__ASSIGNED TASK__
Go through the listing below and repeat it exactly, dropping the pictures.

____ MATERIAL PROVIDED

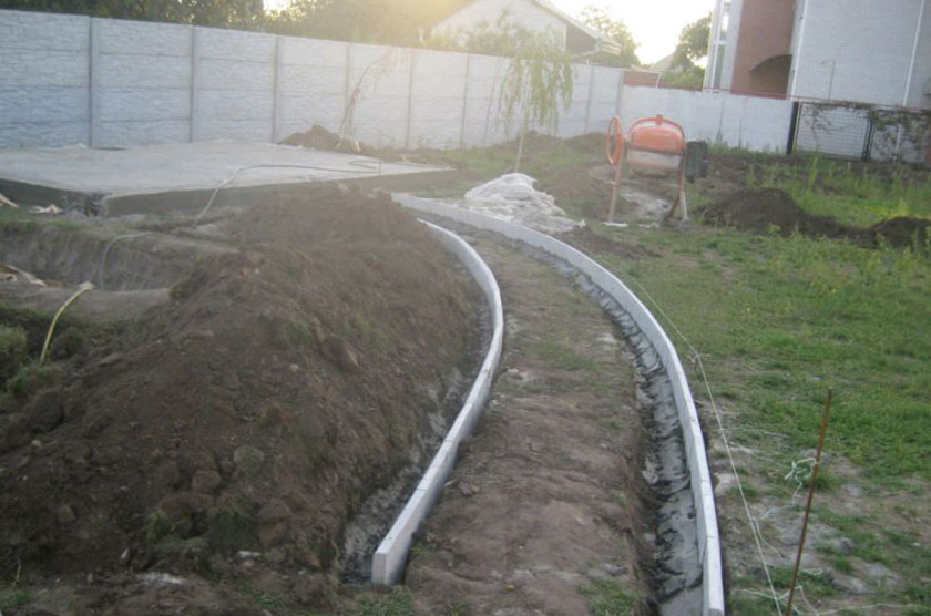 - Сначала необходимо выкопать углубление. Следует снять слой грунта в 15 см. Для этого достаточно использовать обычную лопату. Стремиться к идеально ровному основанию, тоже не стоит. Главное, чтобы глубина траншеи была не менее 15 см.;
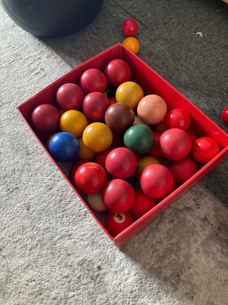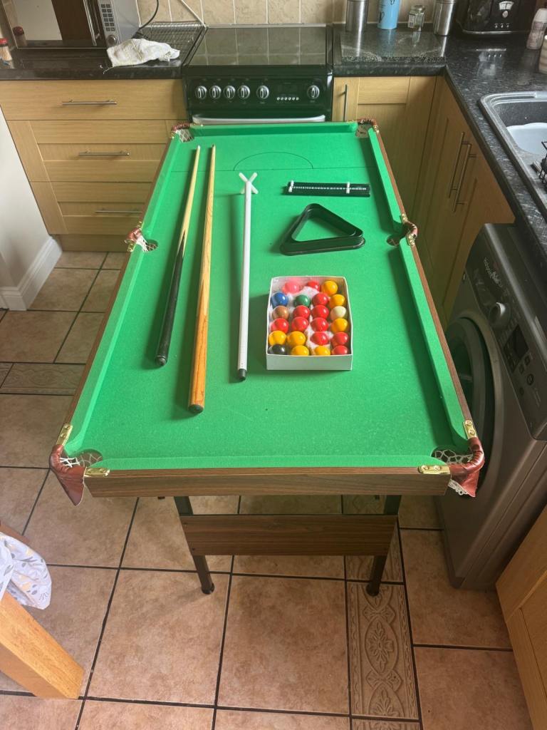 Good condition mini pool table, perfect for kids or a small space. Comes with two cues and a full set of balls, ready to play. Folds up easily for storage, handy for when not in use. Only minor cosmetic wear, felt is in good shape. Collection only
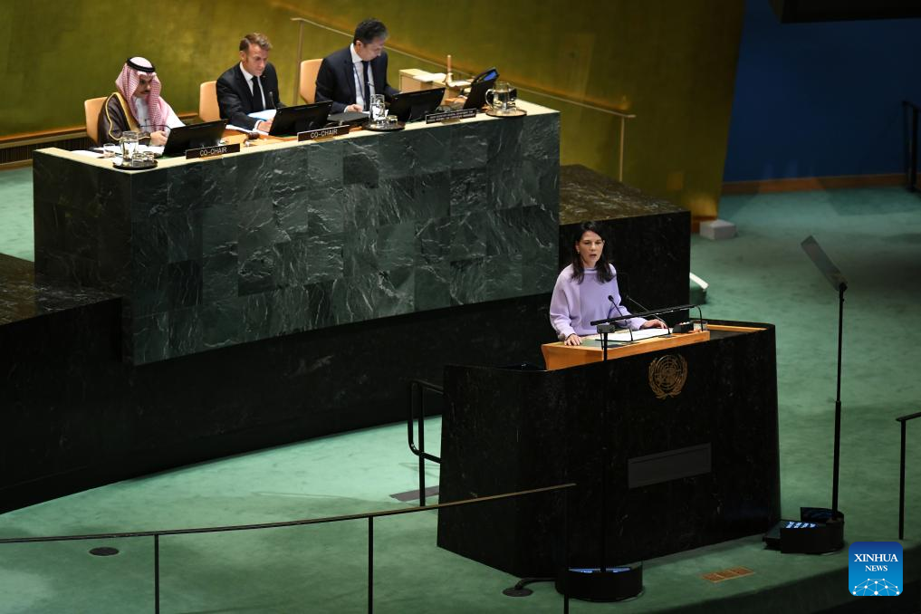 Annalena Baerbock (front), president of the 80th UN General Assembly session, speaks during the High-Level International Conference for the Peaceful Settlement of the Question of Palestine and the Implementation of the Two-State Solution at the UN headquarters in New York, Sept. 22, 2025. (Xinhua/Li Rui)

________

__RESULT OF THE TASK__
 - Сначала необходимо выкопать углубление. Следует снять слой грунта в 15 см. Для этого достаточно использовать обычную лопату. Стремиться к идеально ровному основанию, тоже не стоит. Главное, чтобы глубина траншеи была не менее 15 см.;
 Good condition mini pool table, perfect for kids or a small space. Comes with two cues and a full set of balls, ready to play. Folds up easily for storage, handy for when not in use. Only minor cosmetic wear, felt is in good shape. Collection only
 Annalena Baerbock (front), president of the 80th UN General Assembly session, speaks during the High-Level International Conference for the Peaceful Settlement of the Question of Palestine and the Implementation of the Two-State Solution at the UN headquarters in New York, Sept. 22, 2025. (Xinhua/Li Rui)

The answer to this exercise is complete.